A typical lichen has a three-layered structure. A middle layer containing algal cells entwined in fungal hyphae is sandwiched between two layers of fungal tissue. This three-layered structure is arranged into one of three basic growth forms. Crustose lichens grow as flattened crusts with the bottom layer cemented to the surface of a rock or tree bark. Foliose lichens have a leaflike appearance, with a distinct upper and lower surface exposed to the air. Foliose lichens often form large, flaky patches on tree trunks. Fruticose lichens grow in hairlike, shrubby strands on the ground or hanging from tree branches. Each strand is tubular, with the typical three-layered structure surrounding a hollow core. A common fruticose lichen is old man’s beard, which hangs in wispy clumps from tree limbs and resembles moss. 

Vegetative Reproduction

Vegetative Reproduction, method by which plants reproduce asexually—that is, without the union of cells or nuclei of cells—thus producing individuals that are genetically identical to the parent. Vegetative reproduction takes place either by fragmentation or by special asexual structures. Parts of liverworts and mosses fragment from the parent and grow into new individuals, as do plant cuttings. Asexual structures in plants include specialized stems such as tubers, stolons (runners), rhizomes, and corms, and specialized buds such as bulbs. Roots and leaves can also give rise to new plants. Thus, new individuals generate, for example, from the eyes of potatoes, the cloves of garlic bulbs, and the stolons of strawberry plants. See also Plant; Plant Propagation.

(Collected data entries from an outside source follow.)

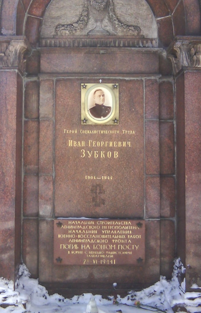 Памятник на могиле И.Г. Зубкова, первого руководителя строительства Ленинградского метрополитена. Александро-Невская лавра, Коммунистическая площадка (Внутреннее кладбище).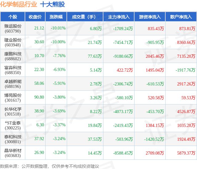 个股表现方面,化学制品行业当日领跌股为雅运股份(603790),该股当日报收21.12,下跌10.01%,成交量6.8万,主力资金净流出1709.24万元。建业股份(603948)以下跌10.0%紧随其后,该股当日成交量21.74万,主力资金净流出7454.71万元。除此之外,康鹏科技(688602)、富淼科技(688350)、卓越新能(688196)均进入当日熊股之列。具体个股列表见下表: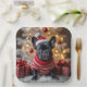 A black French bulldog in a red and white striped sweater and Santa hat sits on a white fur rug.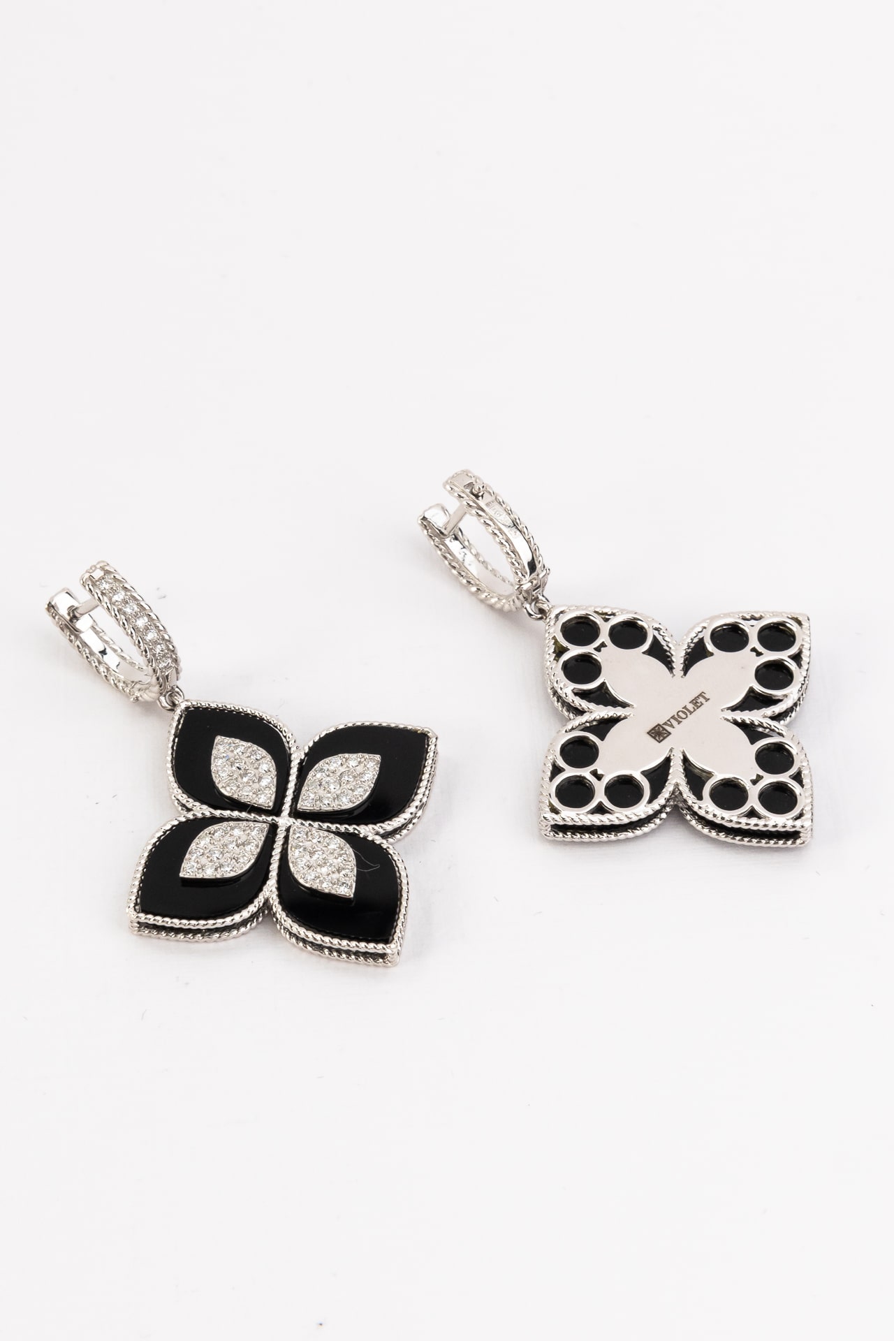 Серьги из белого золота c бриллиантами и ониксом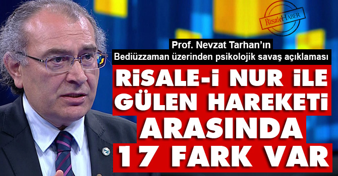 Prof. Dr. Nevzat Tarhan, "Bediüzzaman üzerinden psikolojik savaş" başlığı ile son günlerdeki tartışmaları yorumladı. Mustafa İslamoğlu'nun sözlerini eleştiren Tarhan, ardından Risale-i Nur ile Gülen hareketi arasındaki 17 farkı maddeler halinde sıraladı.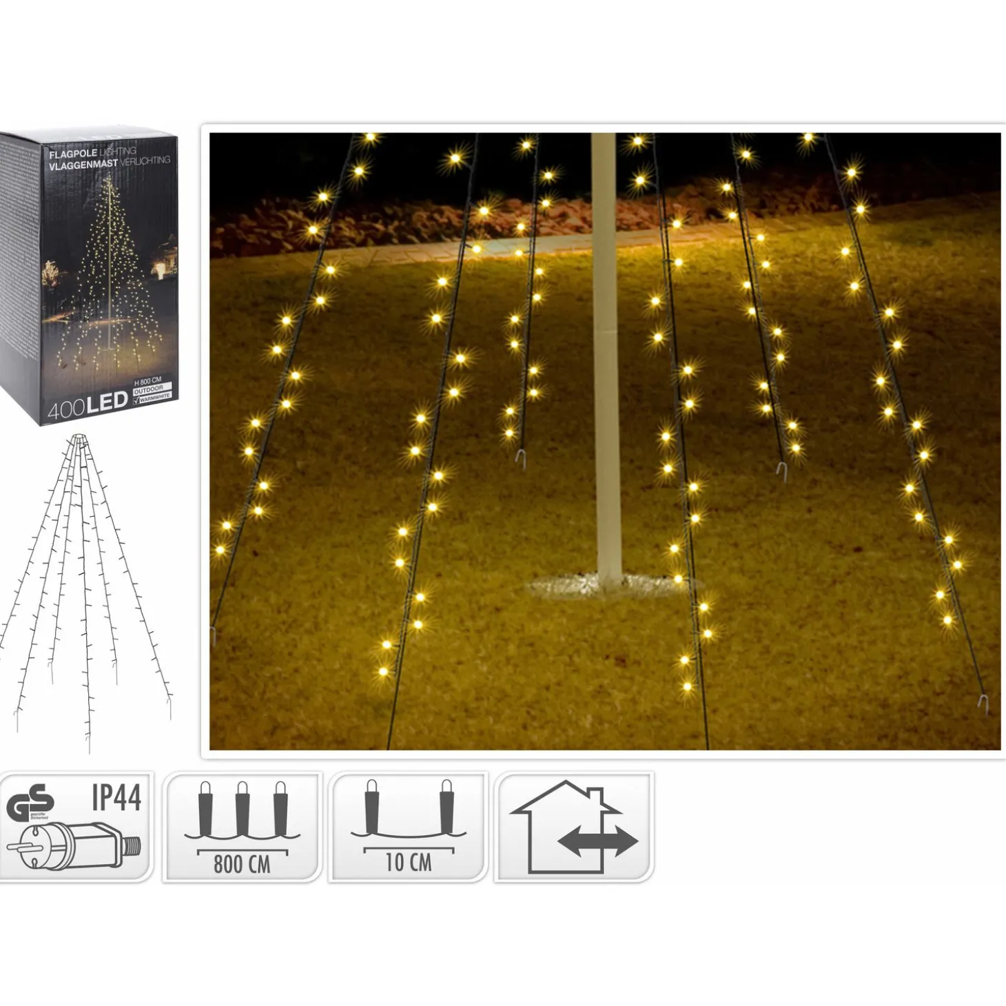 Vlaggenmast – 400 lampjes – 10 strengen van 8 meter – inclusief 10 haringen.
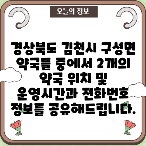 경상북도 김천시 구성면 약국들 중에서 2개의 약국 위치 및 운영시간과 전화번호 정보를 공유해드립니다.
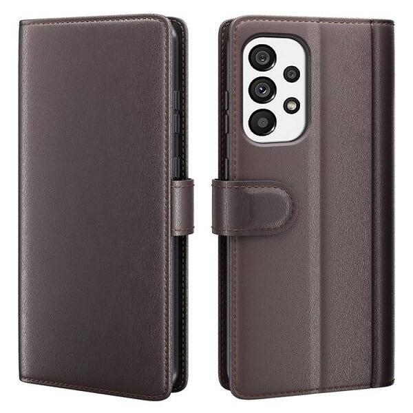 Folio Flip Äkta Läder Plånboksfodral Galaxy A53 5G Brun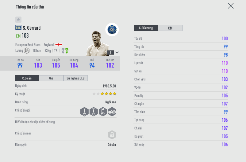 Huyền thoại người Anh có cho mình một mùa giải với mức lương tiệm cận mùa ICON nhưng chỉ số lại kém xa. Dù vậy nhìn vào dàn chỉ số ẩn của Gerrard mới hiểu được tại sao anh lại được nhiều người dùng như vậy, Với khả năng tạo ra đột biến với những cú nã đại bác tầm xa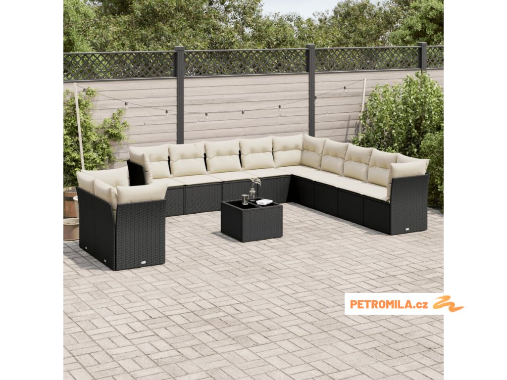 12dílná zahradní sedací souprava s poduškami černá polyratan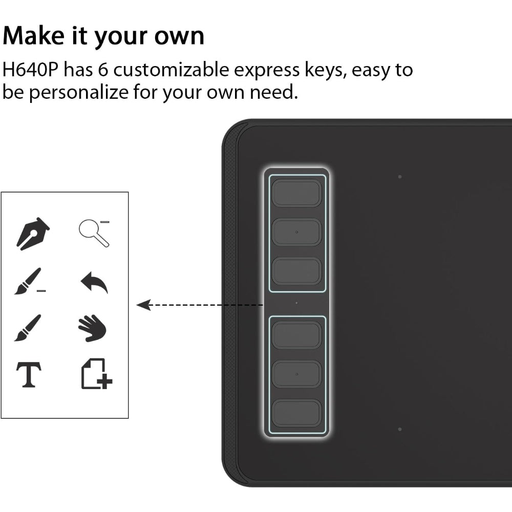 Huion Inspiroy H640P is a lightweight and compact graphics tablet ideal for digital drawing, online teaching, and document signing. With a responsive battery-free pen and customizable express keys, it offers a smooth creative experience for beginners and professionals alike.

Asexual Propagation: Propagation from Stems and Roots

Some plants produce special underground stems such as tubers, bulbs, and corms that enable them to reproduce asexually. Like all stems, these structures have buds, or nodes, from which new stems branch. Tubers are swollen, fleshy stems with several buds called eyes that produce new plants; an example of a tuber is the potato. Bulbs, such as those found in onions, lilies, hyacinths, and tulips, are short, wide, teardrop-shaped underground stems surrounded by scaly leaves. Corms, such as crocuses and gladioli, are similar, but lack the scaly leaves. Both bulbs and corms make clumps of new bulbs or corms, called offsets, which can be divided and buried in the soil to generate new plants. Irises and ferns produce rhizomes, fleshy stems that grow horizontally beneath the soil, with new plants developing from the tip of the rhizome and from each node on the stem. Stolons, specialized stems found in strawberries and many lawn grasses, are similar to rhizomes but are usually thinner and grow on top of the soil. They also produce new plants at the tip and from the nodes.

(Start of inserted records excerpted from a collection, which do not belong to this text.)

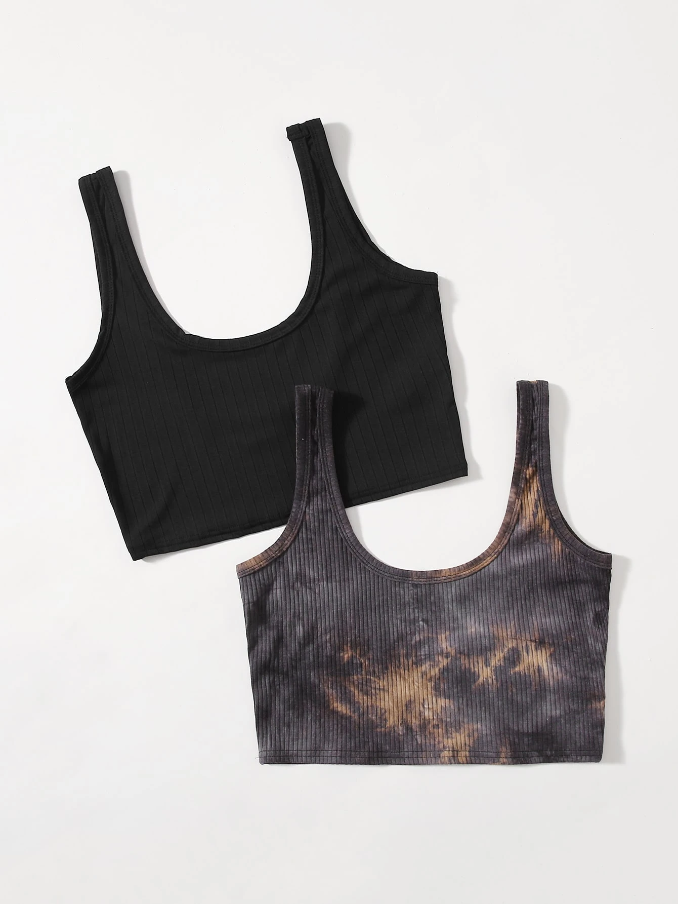 1 pièce Top sans manches unicolore côtelé & 1 pièce Top sans manches tie dye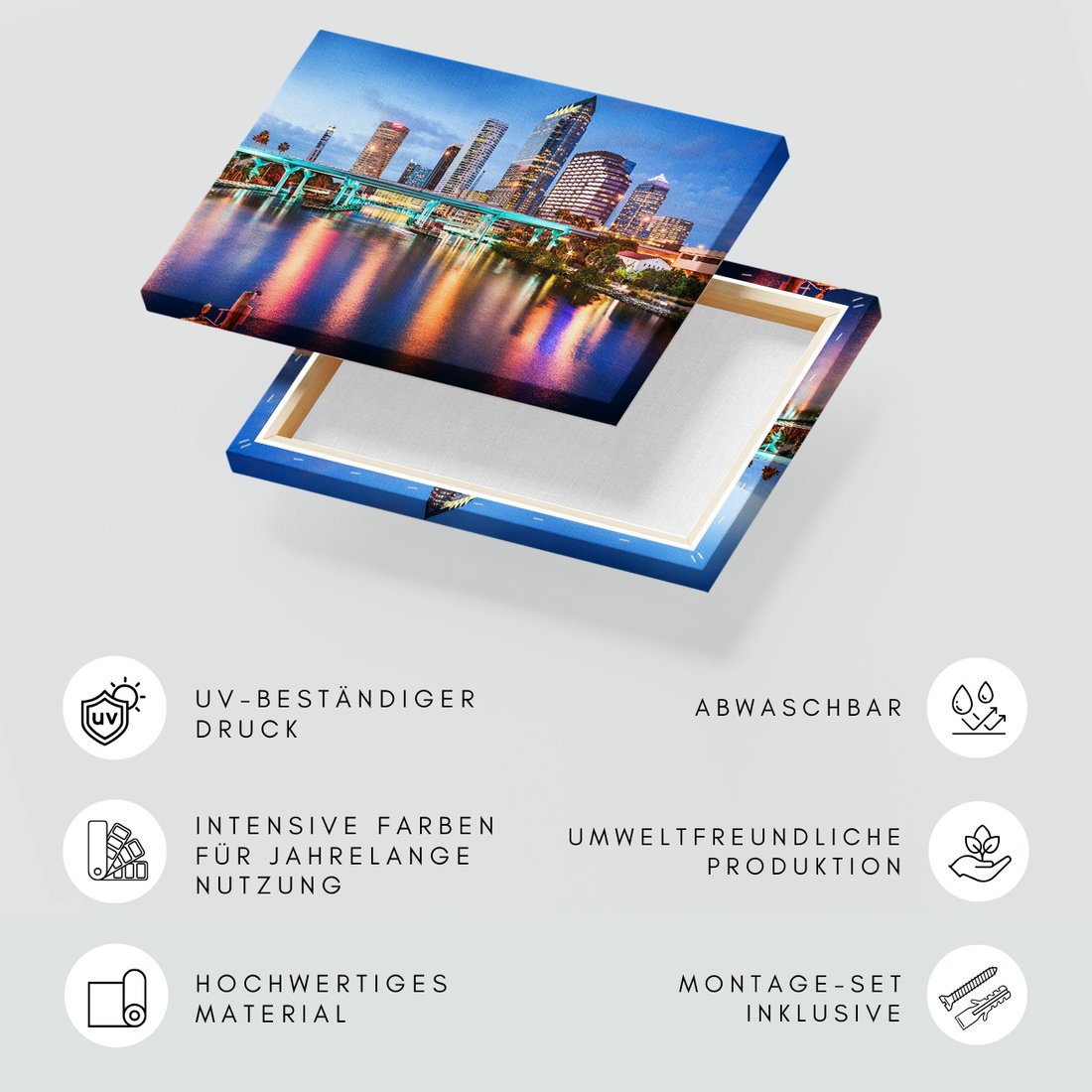 Obraz na płótnie z motywem miasto, most, woda to kwintesencja estetyki i trwałości. Dzięki łatwemu montażowi i uniwersalnemu wzornictwu, czyni go idealnym wyborem zarówno do codziennego użytku, jak i na wyrafinowany prezent.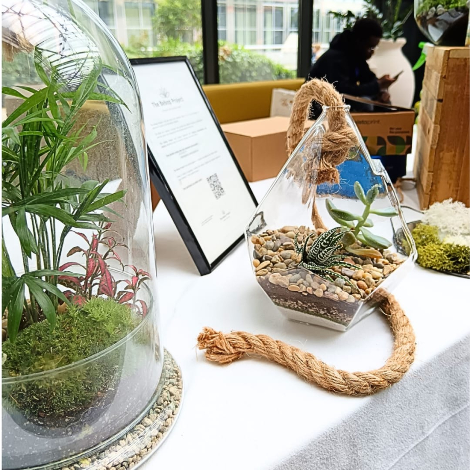 Rodrigues vous initiera à la réalisation de votre terrarium ou à la conception d'un tableau en végétaux stabilisés.

Asexual Propagation: Tissue Culture

Also called micropropagation, tissue culture is the production of plants under sterile laboratory conditions. A variety of tissue culture techniques are used to propagate plants. In one method, growers remove a tiny piece of leaf or stem from a plant and place it in a sterile test tube on a gel-like medium enriched with hormones and nutrients. A yellow-brown mass of cells called callus develops from the piece of plant. Small chunks of the callus are separated, and each piece is placed in a petri dish with a hormone and nutrient mix that stimulates the development of the callus pieces into plants. The young plants are removed from the petri dish and placed in pots with soil, or into the ground, where they grow to maturity.

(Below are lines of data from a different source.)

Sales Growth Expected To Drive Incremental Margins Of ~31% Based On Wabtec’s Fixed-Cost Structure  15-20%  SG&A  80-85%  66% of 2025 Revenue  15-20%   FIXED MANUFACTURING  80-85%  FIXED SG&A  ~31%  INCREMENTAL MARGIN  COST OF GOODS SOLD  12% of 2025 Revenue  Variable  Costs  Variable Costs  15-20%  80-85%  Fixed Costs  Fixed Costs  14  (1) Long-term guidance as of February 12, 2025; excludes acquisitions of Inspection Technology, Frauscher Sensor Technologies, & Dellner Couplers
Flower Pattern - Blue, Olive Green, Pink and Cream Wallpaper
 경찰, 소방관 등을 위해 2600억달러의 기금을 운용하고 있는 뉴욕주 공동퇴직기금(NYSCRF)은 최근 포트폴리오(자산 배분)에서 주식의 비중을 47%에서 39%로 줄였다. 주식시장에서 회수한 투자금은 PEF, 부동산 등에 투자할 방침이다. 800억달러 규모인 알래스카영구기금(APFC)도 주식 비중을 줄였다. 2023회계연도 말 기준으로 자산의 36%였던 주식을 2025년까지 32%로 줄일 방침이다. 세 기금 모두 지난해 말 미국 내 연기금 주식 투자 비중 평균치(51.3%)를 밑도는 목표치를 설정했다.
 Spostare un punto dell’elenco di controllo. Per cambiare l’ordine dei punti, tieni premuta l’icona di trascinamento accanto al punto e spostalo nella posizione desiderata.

Tissue culture enables researchers and growers to rapidly generate numerous clones year-round in greenhouses. In nature, strawberry plants typically produce their fruits in summer. Commercially grown strawberries, however, are propagated throughout the year by tissue culture, providing consumers with a steady supply of strawberries for every season. Tissue culture is also used to produce plants free of viruses, fungi, and bacteria, and to propagate species such as Douglas fir and rhododendron, which are difficult to grow commercially from cuttings, layering, or grafting.